Atleti in una palestra moderna eseguono esercizi a terra con bande elastiche, osservati dagli allenatori, con vista su un campo da calcio esterno.

3° Step: Esercizi più dinamici e funzionali

  • Squat su una gamba
  • Affondi laterali
  • Hip thrust con carico
  • Pliometria controllata (salti, atterraggi)

Questi esercizi ti aiutano non solo a rinforzare i muscoli, ma anche a riaddestrare il corpo a muoversi in modo corretto con un carico e il giusto stress proprio come succede in campo.

Non serve ad allenarli per ore. Bastano 10-15 minuti a seduta, ma fatti con attenzione e costanza.

Tre atleti eseguono esercizi di pliometria su plyo box in un campo sportivo, indossando abbigliamento nero e scarpe da calcio colorate.

E in Riabilitazione?

Se si sta recuperando da un infortunio al ginocchio, il lavoro sui glutei non è facoltativo: è indispensabile.

Spesso i protocolli post-operatori si concentrano solo sul quadricipite o sulla flessione-estensione del ginocchio. Ma senza un buon controllo del bacino e del femore, il rischio di recidiva o di sovraccarico è altissimo.

Il ruolo cruciale dei glutei nella riabilitazione del ginocchio

Un programma efficace dovrebbe includere, già dalle prime fasi (quando possibile), attivazione del gluteo medio, esercizi isometrici, e progressivamente esercizi in carico, monopodalici e funzionali.

In definitiva, il ginocchio può anche essere forte e sano, ma se non riceve il giusto supporto da anca e bacino, prima o poi comincerà a soffrire.
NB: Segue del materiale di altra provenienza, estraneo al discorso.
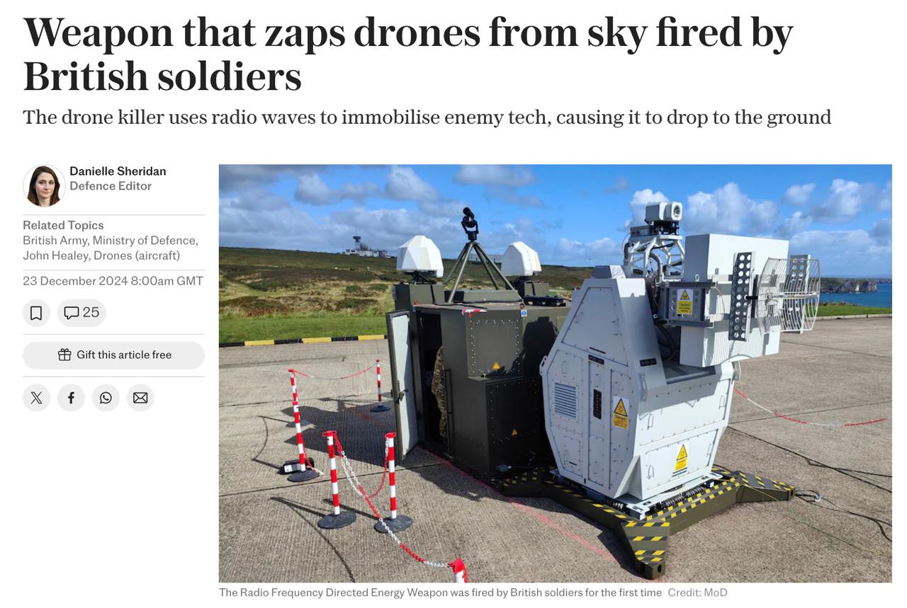 Армия Великобритании впервые применила энергетическое оружие, которое сбивает беспилотники "с помощью радиоволн". Оно называется RFDEW - радиочастотное направленное энергетическое оружие.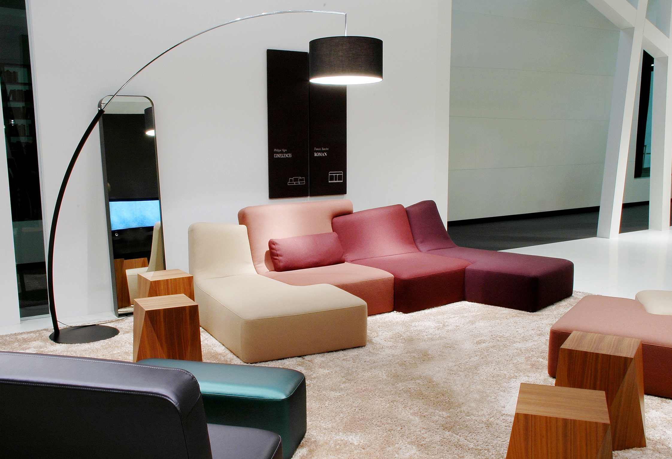 法国写意空间公司(Ligne Roset)在今年的科隆国际家具展上展出了这一款Confluence模块沙发,并获得了最佳设计奖(Best of Best)、最佳项目奖(Best Item)及最佳系列奖(Best System)三个奖项。Confluence模块沙发由法国设计师Philippe Nigro设计,这款沙发非常规的外型构造突显了设计师非凡的想象力和创造力,其相互交汇的构造看上去就像拼图一样充满趣味,而这种造型无疑也会给其陈设空间带来一种新鲜感。Confluence模块沙发可让使用者随其心意而将不同颜色、不同形状的模块搭配成各种组合,这也使其为体型不同,审美有异的各类人群都提供了个性化的就坐方式。设计师的创作灵感来自于现代美术作品中重叠的图形和笔直的线条,而略去了传统家具设计经常遵循的对称原则。Confluence模块沙发由多层木板和焊接钢片作为框架,内部由各种密度的聚醚泡沫材料填充,其表面面料为聚酯纤维织物,沙发脚由黑色聚丙烯制成。Confluence模块沙发各部分间相互重叠与镶嵌的方式令人眼前一亮,实用而有趣,满足了外型的美观而又充分体现了强大的功能,这应该是每件家具都追求的目标吧。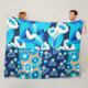 WHITE HAWAII BLUE FLOWERS BOLD FLORAL PATCHWORK FLEECE BLANKET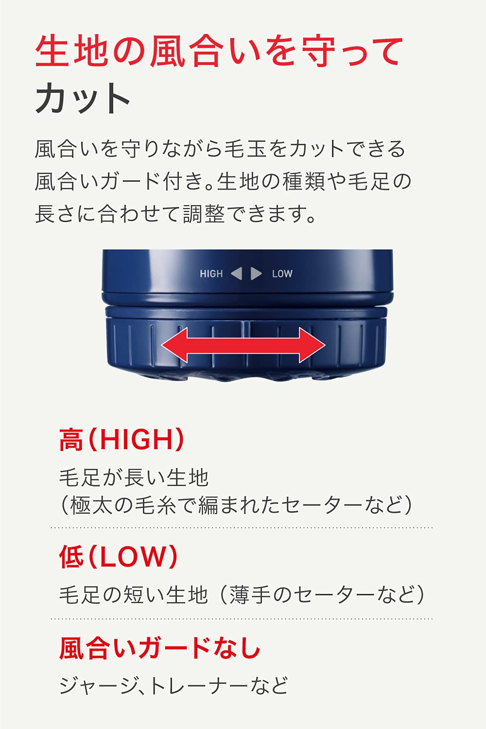 生地の風合いを守りながら毛玉をカット。ニットやジャージなど、生地の種類や毛足の長さに合わせて、高(HIGH)~低(LOW)まで調整可能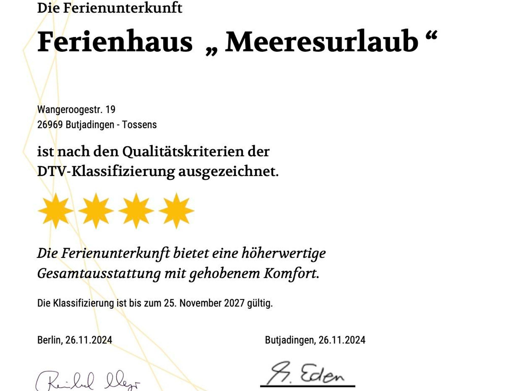 Das Ferienhaus wurde vom Deutschen Tourismusverband mit 4 Sternen ausgezeichnet!

Ecco perché, anche nel calcio, non bisognerebbe mai sottovalutare il ruolo dei glutei.

Bibliografia

1. Lance Rane,  Anthony Michael James Bull – Functional electrical stimulation of gluteus medius reduces – the medial joint reaction force of the knee during level walking – Pub Med Arthritis Res Ther 2016;
2. Rinaldi et al. – The influence of gluteal muscle strength deficits on dynamic knee valgus: Journal of Experiental Orthopaedics Article (2022);
3. Christian J Barton et al. – Gluteal muscle activity and patellofemoral pain syndrome: PubMed Journal of Sports Medicine 2012;
4. Kevin R Ford – An evidence-based review of hip-focused neuromuscular exercise interventions to address dynamic lower extremity valgus – Journal of Sports Medicine 2015;
5. David M. Selkowitz et al. – Comparison of electromyographic activity of the gluteal muscles and tensor fascia lata in persons with patellofemoral pain: evaluation of selected, hip-targeted exercises using indwelling fine-wire electrodes – International Journal of Physical Therapy 2024.